Il Consiglio federale deve fare di più per promuovere il ricorso a manodopera indigena, alla luce dell'approvazione dell'iniziativa contro l'immigrazione di massa che prevede di dare la precedenza ai residenti. A chiederlo sono due mozioni dei gruppi PPD e PBD, accolte oggi (martedì) dal Nazionale. Gli Stati avevano già espresso parere analogo.

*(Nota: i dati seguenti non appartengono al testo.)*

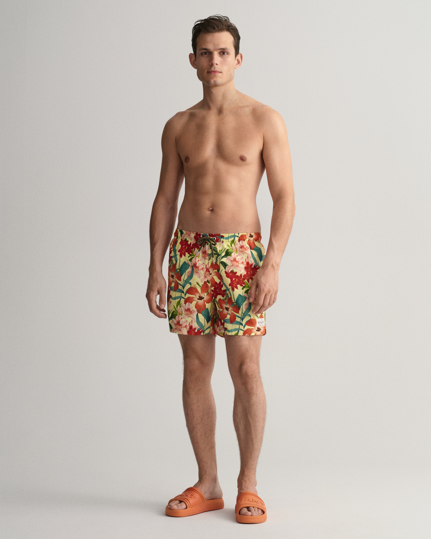 Geri dönüştürülmüş polyesterden üretilen classic fit çiçek desenli yüzme şortu, klasik uzunluğa sahiptir. Kontrast renkli ipli elastik bel bandına, yan ceplere ve cırt cırtlı arka cebe sahiptir. Bu giymesi kolay yüzme şortu, file iç pantolona ve sol alt bacağa dikilmiş dokuma GANT logosuna sahiptir.

In aula è stata una pioggia di critiche all'indirizzo del ministro dell'economia Johann Schneider-Ammann: il mondo economico, è stato ribadito da più fronti, non ha dato dimostrazione di agire in questo senso di sua spontanea volontà e con sufficiente decisione, ma i piani del Governo in questo ambito, risalenti al 2011, non sono a loro volta soddisfacenti e mancano di dinamismo.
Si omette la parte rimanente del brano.